Are you sure thats not 5L of baggage space and 0.5L of Pilot space ?

 

Looks like those Elerons might get some ground rash

 

These experimental and i emphasise the mental have some huge b###s

 

Imagine being the test pilot

 

 

[Mark11]

 

280km/hr

 

40 Hp

 

 

[pylon500]

220km/hr is only 118kts.

 

So some numbers follow...

 

Scott Winton Opel; 40hp = 280 kmh (151kts)

 

Verhees Delta; 50hp = 220 kmh (118kts)

 

Arnold AR-5; 62hp = 213 mph (185kts)

 

 

The Arnold AR-5 was powered by a Rotax 532, then later a 582, and weighed less than 300kg!

 

Have a look at; http://www.ar-5.com/kitcarm93.html

 

 

[ben87r]

Cx4 is 120 kn on 50 from memory.

 

 

[pylon500]

Cx4 is 120 kn on 50 from memory

More like around120 (American) Miles per hour, with a 2100cc Revmaster of about 75hp...

<http://en.wikipedia.org/wiki/Thatcher_CX4>

 

 

[ruffasguts]

CX4 100 knots at 3200rpm with 2 litre Limbach need to up pitch prop want 100 at 3000 this on the first CX4 to fly in Australia

 

Mick W

 

 

[Marty_d]

220km/hr is only 118kts.So some numbers follow...

Scott Winton Opel; 40hp = 280 kmh (151kts)

 

Verhees Delta; 50hp = 220 kmh (118kts)

 

Arnold AR-5; 62hp = 213 mph (185kts)

 

[ATTACH=full]23577[/ATTACH]

 

The Arnold AR-5 was powered by a Rotax 532, then later a 582, and weighed less than 300kg!

 

Have a look at; http://www.ar-5.com/kitcarm93.html

Thanks Pylon, interesting read!

 

 

[facthunter]

I think it would do it. It's not that fast (220 Km's/hr) and the thing is efficient. You could still keep a fixed pitch prop at that speed easily. Nev

 

 

[M61A1]

The AR-5 is a gorgeous aircraft, but I have to say, that Delta looks really easy to build for not much money. A few sheets of aluminium & a handful of rivets. With the right engine to get the weight down a little, it would qualify under 95.10. Their website shows a lot more about it, including folding wings for trailering.

 

 

[facthunter]

You would want to know how it behaves in turbulence and at low speeds. Its a lot of leading edge sweepback for a low speed plane.( 110 Knots is not fast) It would have to be aerodynamically clean though. Nev

 

 

[M61A1]

You would want to know how it behaves in turbulence and at low speeds. Its a lot of leading edge sweepback for a low speed plane.( 110 Knots is not fast) It would have to be aerodynamically clean though.
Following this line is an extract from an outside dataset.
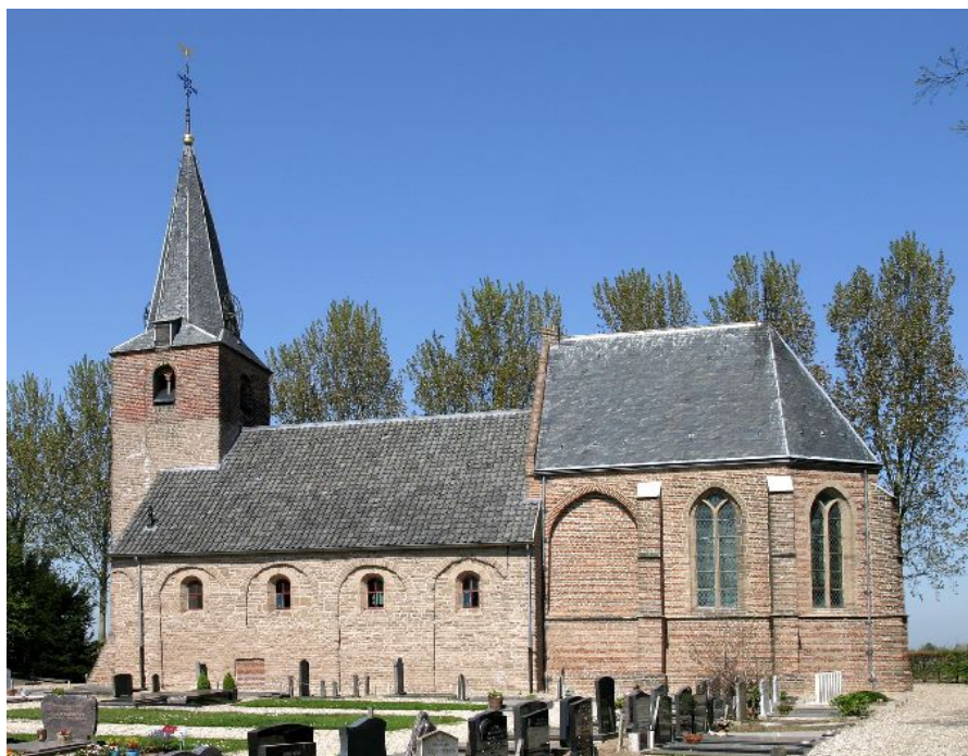
Hervormde kerk in Wadenhoijen met romaanse toren en schip in tufsteen uitgevoerd.

De bezetting van Dorestad werd in 850 door Lotharius formeel bevestigd: Hrœrekr herkreëg de handelsplaats op voorwaarde dat hij de Friese kusten zou verdedigen. Daardoor herstelden de betrekkingen tussen Lotharius en zijn Deense vazal zich weer. 54 Volgens de annalist Prudentius kreeg Hrœrekr Dorestad en 'andere graafschappen' overgedragen. 55 Het is niet bekend of onder die graafschappen ook de Betuwe was begrepen, maar dat is wel aannemelijk. Later zou blijken dat Lotharius goederen in de villa Gendt in de Over-Betuwe aan Hrœrekr had afgestaan. Het betrof koningsgoederen die Lotharius II in 860 ex rebus juris nostri ex beneficio Hrorici (uit de zaken die ons rechtens toebehoren uit het bruikleen van Hrœrekr) aan de abdij van Lorsch had geschonken. 56 Hrœrekr had zich ondertussen tot een gewaardeerde vazal van de Frankische koningen ontwikkeld. We mogen dan ook aannemen dat de vervreemding van de Gendtse goederen met zijn instemming geschiedde.

Nev

The website has a handling report written by a high hour pilot that is reasonably complimentary, he highlights a couple of small issues.

 

 

[Mark11]

220km/hr is only 118kts.So some numbers follow...
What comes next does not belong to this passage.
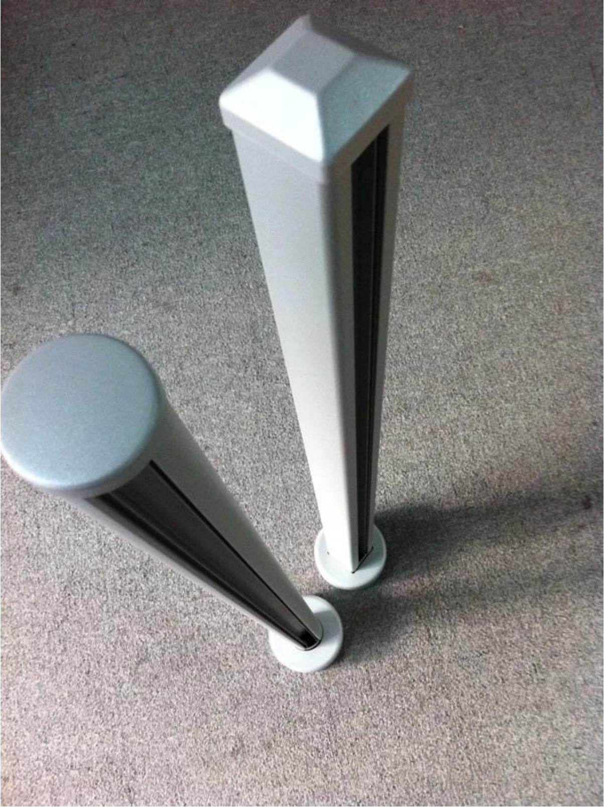
أنواع مختلفة من آخر متاح

Scott Winton Opel; 40hp = 280 kmh (151kts)

 

Verhees Delta; 50hp = 220 kmh (118kts)

 

Arnold AR-5; 62hp = 213 mph (185kts)

 

[ATTACH=full]23577[/ATTACH]

 

The Arnold AR-5 was powered by a Rotax 532, then later a 582, and weighed less than 300kg!

 

Have a look at; http://www.ar-5.com/kitcarm93.html

Outstanding performance and design!

 

 

[Marty_d]

You would want to know how it behaves in turbulence and at low speeds. Its a lot of leading edge sweepback for a low speed plane.( 110 Knots is not fast) It would have to be aerodynamically clean though. Nev

110 knots sounds fast to someone building a 701.

 

That Scott Winton Opel just looked wrong to me... a square slab of flying wing, looked like it'd get very twitchy very easily (just an impression NOT backed up by any in-depth design knowledge!)

 

Swept-back flying wings though I find fascinating, especially the strength you would be able to get into the wing with such a massive thickness and chord at the root.

 

 

[facthunter]

AS you say plenty of wing thickness for strength and storage but with that amount of leading edge sweepback it might exhibit too much lateral stability and tend to dutchroll. Nev

 

 

[Head in the clouds]

AS you say plenty of wing thickness for strength and storage but with that amount of leading edge sweepback it might exhibit too much lateral stability and tend to dutchroll. Nev

Perhaps if it was a swept flying wing but not likely as a delta. The l/e sweep, significant fin and lack of side area forward of the CG would give it good directional (longitudinal) stability and the almost total lack of dihedral would result in very little lateral stability so it should never enter the dutch-roll excitation zone which requires the lateral stability to considerably exceed the longitudinal stability.

 

 

[Marty_d]

Another thing I like about this particular aircraft is the single retractable wheel. As with others - such as the Europa - it seems to make sense to have one beefed-up, retractable wheel on the centre line where you have the strength of the fuselage to mount directly to. Other obvious advantages: easily retracted, weight saving (even a beefed-up single leg is going to be lighter than 3 full sized legs/wheels), and if the wheel protrudes slightly when retracted, at least a wheels-up (sorry, "wheel-up") landing is not going to be as hard on the belly...

 

I guess the disadvantage is you'd need to make damn sure your wings are level when landing.

 

 

[DWF]

Perhaps if it was a swept flying wing but not likely as a delta. The l/e sweep, significant fin and lack of side area forward of the CG would give it good directional (longitudinal) stability and the almost total lack of dihedral would result in very little lateral stability so it should never enter the dutch-roll excitation zone which requires the lateral stability to considerably exceed the longitudinal stability.

HITC.

Directional stability is stability in YAW.

 

Longitudinal stability is stability in PITCH.

 

They are not the same!

 

Please clarify your post.

 

 

[Dafydd Llewellyn]

220km/hr is only 118kts.So some numbers follow...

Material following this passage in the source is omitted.